Construction grammar (often abbreviated CxG) is a family of theories within the field of cognitive linguistics which posit that constructions, or learned pairings of linguistic patterns with meanings, are the fundamental building blocks of human language. Constructions include words (aardvark, avocado), morphemes (anti-, -ing), fixed expressions and idioms (by and large, jog X's memory), and abstract grammatical rules such as the passive voice (The cat was hit by a car) or the ditransitive (Mary gave Alex the ball). Any linguistic pattern is considered to be a construction as long as some aspect of its form or its meaning cannot be predicted from its component parts, or from other constructions that are recognized to exist. In construction grammar, every utterance is understood to be a combination of multiple different constructions, which together specify its precise meaning and form.

Advocates of construction grammar argue that language and culture are not designed by people, but are 'emergent' or automatically constructed in a process which is comparable to natural selection in species or the formation of natural constructions such as nests made by social insects.

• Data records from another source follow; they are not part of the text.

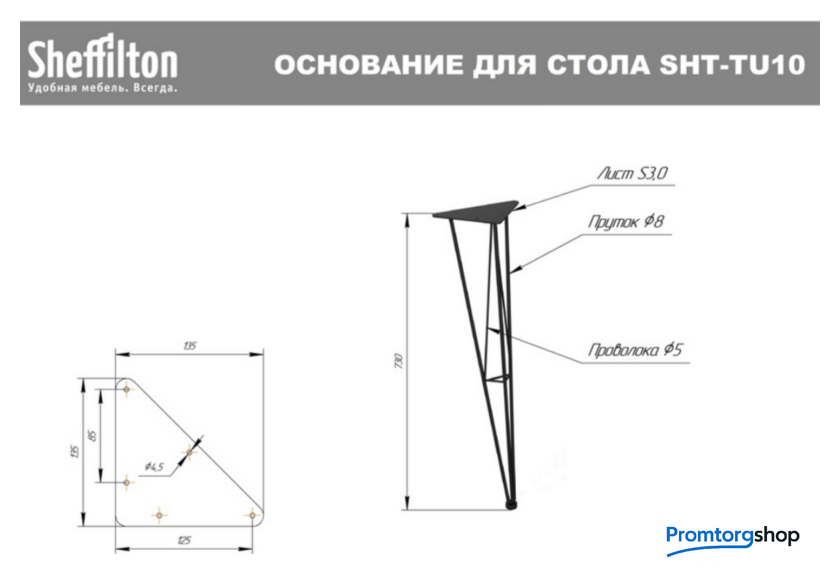 | Тип | обеденный стол для дома, для кафе/бара. Стол со столешницей из МДФ будет гармонично и со вкусом смотреться в доме, офисе, дизайн-студии, кафе, баре, ресторане. Основание из металла, диаметром 8 и 5 мм. Толщина верхних кронштейнов для крепления столешницы 3 мм. Предусмотрен подпятник с резиновой проставкой, диаметром 22 мм., подпятник эффективно защищает половое покрытие от царапин. Опора устанавливается под наклоном. Легкий и простой уход за изделием. Не рекомендуется: ставить горячее без специальных подставок резать на поверхности без использования доски использовать на улице под открытым небом, что подвергается прямому воздействию солнечных лучей и осадков. |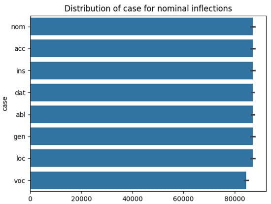 There are mainly eight cases in Kannada that the inflections can be categorized to, which include nominative (nom), accusative (acc), instrumental (ins), dative (dat), ablative (abl), genitive (gen), locative (loc) and an optional vocative (voc) case. It can be observed that all cases except vocative have equal distribution, indicating a lower number of vocative inflections.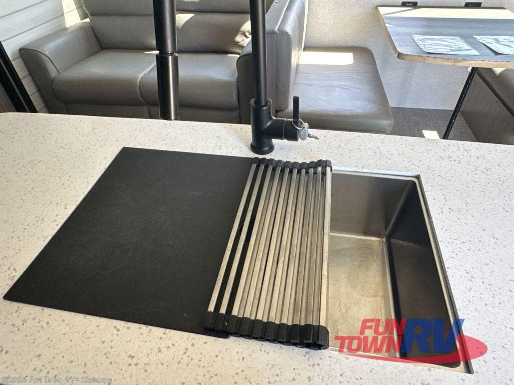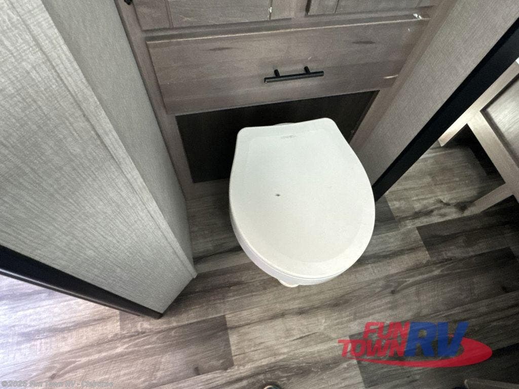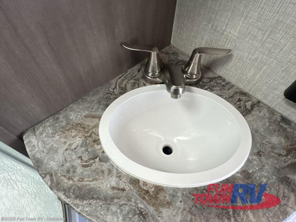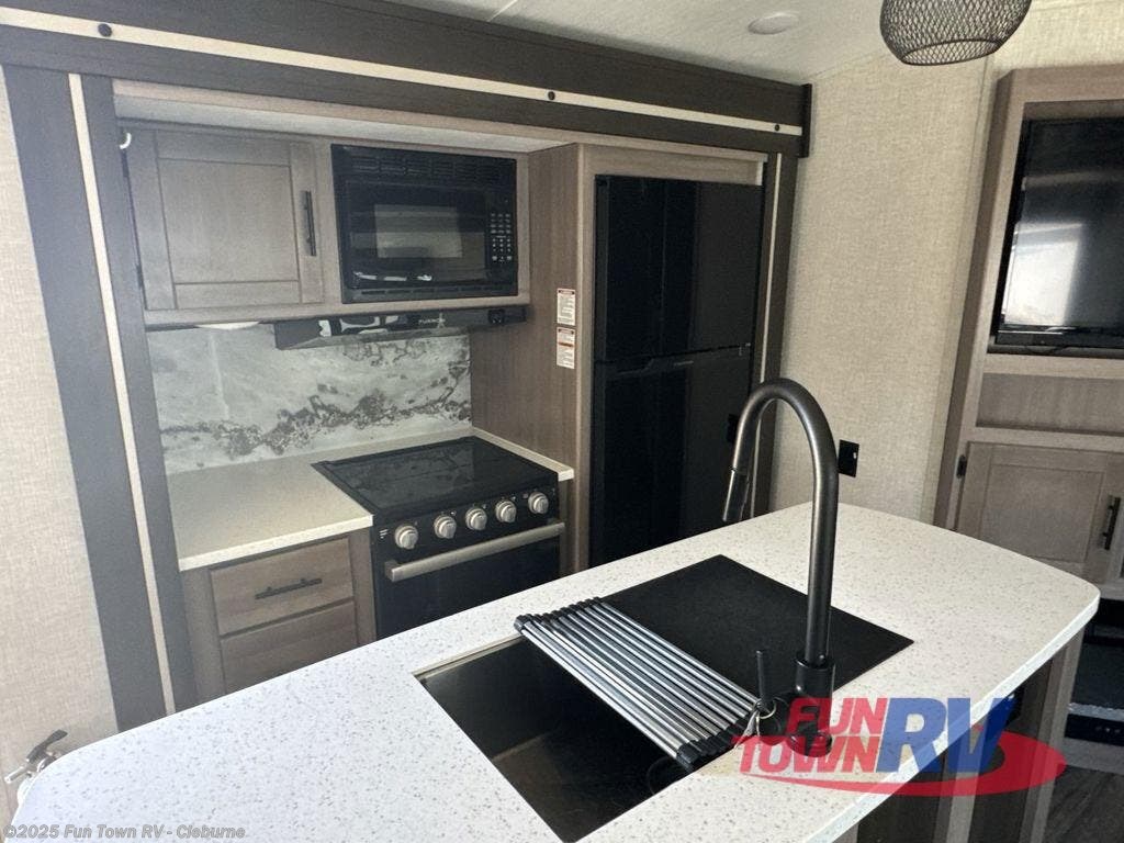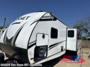 With any Sunset Trail travel trailer by CrossRoads RV, the interior offers a stainless steel farmhouse sink with a cover, solid surface kitchen countertops, and a docking station with 12 Volt, USB Port, and 110 Outlets. Also included is a 13,500 BTU air conditioner plus upgraded insulation with roof and floor reflective foil for added comfort, plus sturdy construction elements like a plywood bed board with strut assist, residential wood window trim, and hardwood cabinet doors. Make your lightweight and comfortable RV decision today!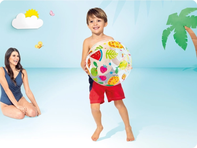 Užite si leto naplno s plážovou loptou Intex s veselou ovocnou potlačou. Skvele viditeľná na piesku aj vo vode, ľahká a skladná – po vypustení zaberie minimum miesta v taške. Odolný vinylový materiál zaistí dlhú životnosť a bezstarostné hranie.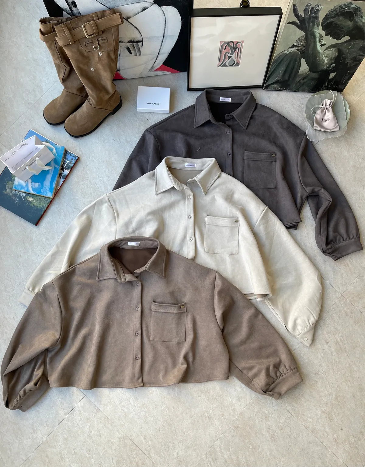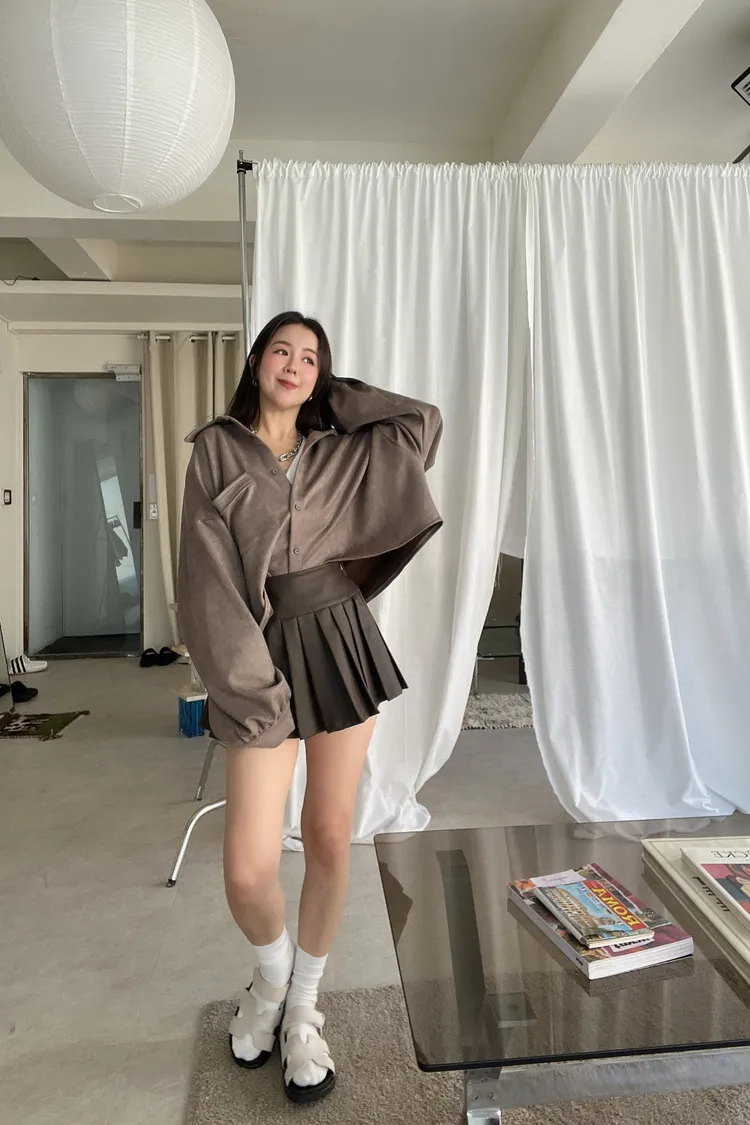 短版口袋麂皮襯衫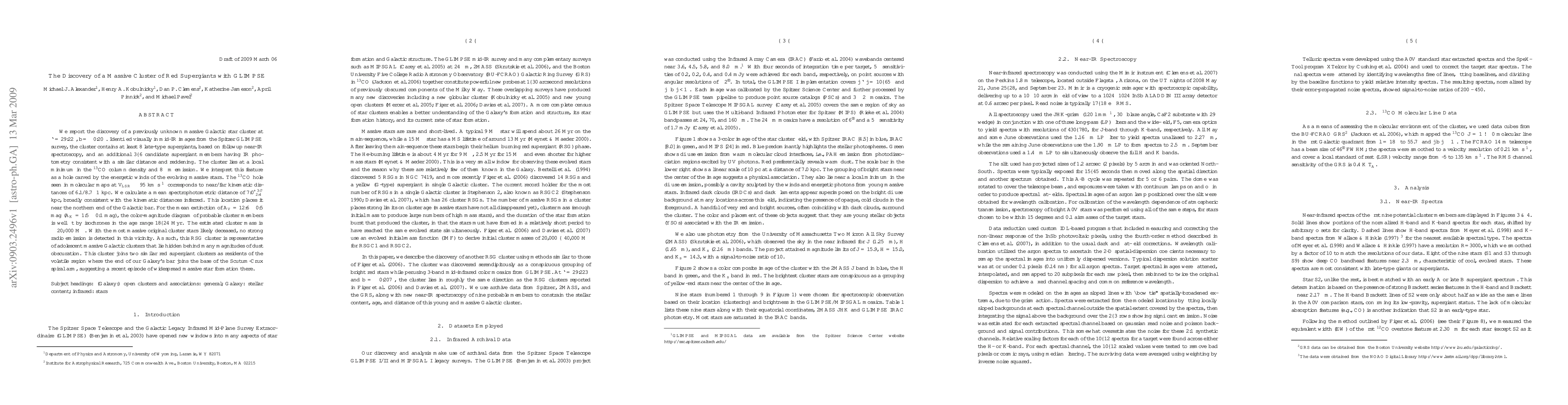 The GLIMPSE survey identified a massive, previously unknown Galactic star cluster containing at least 8 red supergiants, located near the northern end of the Galactic bar, with an estimated mass of ~20,000 solar masses and an age of 18-24 Myr. The cluster's location in a 13-CO hole suggests it was formed by the energetic winds of its massive stars.

Constructions correspond to replicators or memes in memetics and other cultural replicator theories. It is argued that construction grammar is not an original model of cultural evolution, but for essential part the same as memetics.  Construction grammar is associated with concepts from cognitive linguistics that aim to show in various ways how human rational and creative behaviour is automatic and not planned.

History 
Construction grammar was first developed in the 1980s by linguists such as Charles Fillmore, Paul Kay, and George Lakoff, in order to analyze idioms and fixed expressions. Lakoff's 1977 paper "Linguistic Gestalts" put forward an early version of CxG, arguing that the meaning of an expression was not simply a function of the meanings of its parts. Instead, he suggested, constructions themselves must have meanings.

Another early study was "There-Constructions," which appeared as Case Study 3 in George Lakoff's Women, Fire, and Dangerous Things. It argued that the meaning of the whole was not a function of the meanings of the parts, that odd grammatical properties of Deictic There-constructions followed from the pragmatic meaning of the construction, and that variations on the central construction could be seen as simple extensions using form-meaning pairs of the central construction.

Fillmore et al.'s (1988) paper on the English let alone construction was a second classic. These two papers propelled cognitive linguists into the study of CxG. Since the late 1990s there has been a shift towards a general preference for the usage-based model. The shift towards the usage-based approach in construction grammar has inspired the development of several corpus-based methodologies of constructional analysis (for example, collostructional analysis).

Concepts

One of the most distinctive features of CxG is its use of multi-word expressions and phrasal patterns as the building blocks of syntactic analysis. One example is the Correlative Conditional construction, found in the proverbial expression The bigger they come, the harder they fall. Construction grammarians point out that this is not merely a fixed phrase; the Correlative Conditional is a general pattern (The Xer, the Yer) with "slots" that can be filled by almost any comparative phrase (e.g. The more you think about it, the less you understand). Advocates of CxG argue these kinds of idiosyncratic patterns are more common than is often recognized, and that they are best understood as multi-word, partially filled constructions.

Construction grammar rejects the idea that there is a sharp dichotomy between lexical items, which are arbitrary and specific, and grammatical rules, which are completely general. Instead, CxG posits that there are linguistic patterns at every level of generality and specificity: from individual words, to partially filled constructions (e.g. drive X crazy), to fully abstract rules (e.g. subject–auxiliary inversion). All of these patterns are recognized as constructions.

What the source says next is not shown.